A young Christian man from our church came out this week and I have the privilege of being his friend and telling him that he is dearly loved just as God made him. This man is so solid in his faith and dedicated to honoring God with his life and has blessed my family with his ministry and his presence. He is a good person in this world.

On Veteran’s Day I saw a boy at the beach with his Veteran grandfather, playing by himself while watching the nine children I was with enjoying their group activity. I encouraged my children to invite him to join them and saw their humble human nervousness as they approached him. There was instant relief and joy shared between them when he said yes.

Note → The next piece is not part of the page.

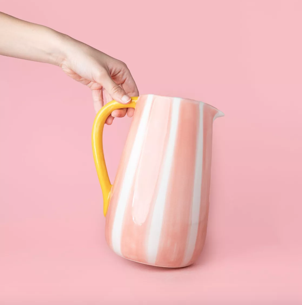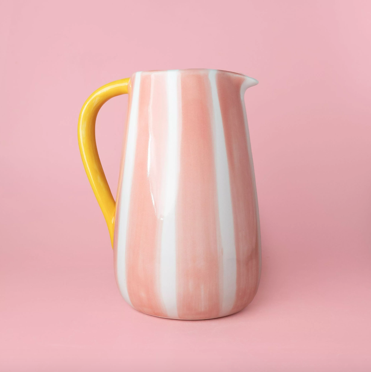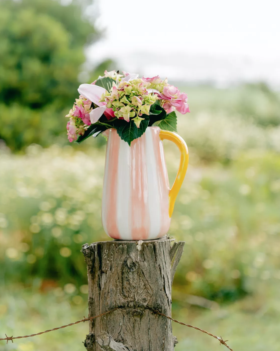 Comment ne pas craquer devant ce pichet à rayures aux couleurs toutes douces, jaune soleil et rose pastel ?

His smile was beaming and he jumped right into the action without missing a beat.

Earlier in the week I was blessed to listen to my children describe their diverse friends by the content of their character and not by the color of their skin. This old lady self who is still learning and advocating hard for change, clarified by naming the skin color to get clear on the kid. I realized my own deep flaws and surged with love for the world my kids are living into.

On the night of the election I had a long talk with a friend who shared the story of having been raped. She confessed the intense fear, guilt and shame made her feel like a crazy person. I got to be a witness to her story, validate and normalize her intense emotional pain as a human response to trauma, and assure her she is not crazy. We each shared gratitude at how beautiful it is that God’s grace sees us as good and infinitely loved and we talked about some ways she could seek some professional healing and relief.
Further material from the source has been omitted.